The lantern bobs ahead, its tarnished frame barely visible in its own glow. Rust and corrosion mark every joint and seam, yet the flame within burns steady.
I step where the lantern's light beckons, letting its glow push against the pressing darkness.
I took Aeternus to the wall, but the blade finds no purchase on the glassy stone. There are no pillars or runes anymore, ust smooth, unbroken rock as if the world itself forgot the hands that shaped it.
The lantern hovers ahead in patient arcs.
Yet the flame within won't die. Every so often, that flame pulses brighter, an echo of something older than walls or wards.
Something older than the bones I carry.
No illusions drift here, only silence thick as tomb air. Carida's remains rest secure, tucked beneath the battered mask near my ribs.
I press on.
The corridor opens abruptly into a vast chamber that swallows the lantern's radiance.
Its height rivals cathedrals, arches vanishing in gloom far above.
Statues crowd the perimeter, faceless things slumped against the walls.
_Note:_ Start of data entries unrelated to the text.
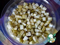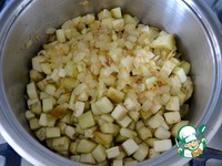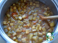 Переложить обжаренный лук в кастрюлю, где будем варить суп. Баклажаны промыть от соли и переложить в кастрюлю с луком. Перемешать. |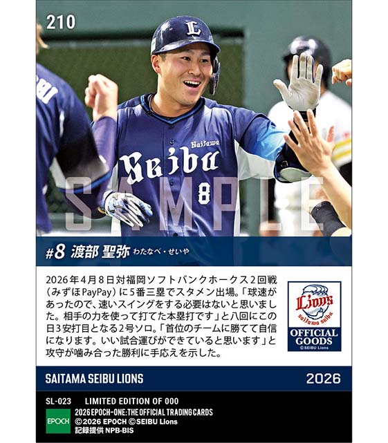 公式【渡部聖弥】値千金2号ソロ含む猛打賞(26.4.8) のカードを買うならエポックワン!税込・送料無料!
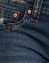 In a low-rise style with a thick belt band, these jeans feature a slim straight leg, with pockets on the front and back, branded back tab, button and rivets, in a ripped, distressed true blue wash. Complete the look with Dulcet long sleeve top.
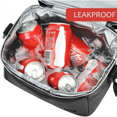Kato Tirrinia Isolierte Lunchtasche für Damen und Herren auslaufsichere Thermo-Bento-Kühltasche für Schule und Arbeit Doppelfach mit Schultergurt und Vordertasche Oxford-Stoff Schwarz 10L Schwarz-kühltasche

Their outlines flicker in half-light, revealing cracked limbs and mutilated silhouettes.
This proving path has brought me to a place I don't understand.
In the chamber's center stands a stage of worn steps, ringed by ankle-deep water rippling with an unseen disturbance.
An energy crawls across the stones.
The lantern drifts closer to the stage. Its glow intensifies, turning from a dull orange to bright silver-white.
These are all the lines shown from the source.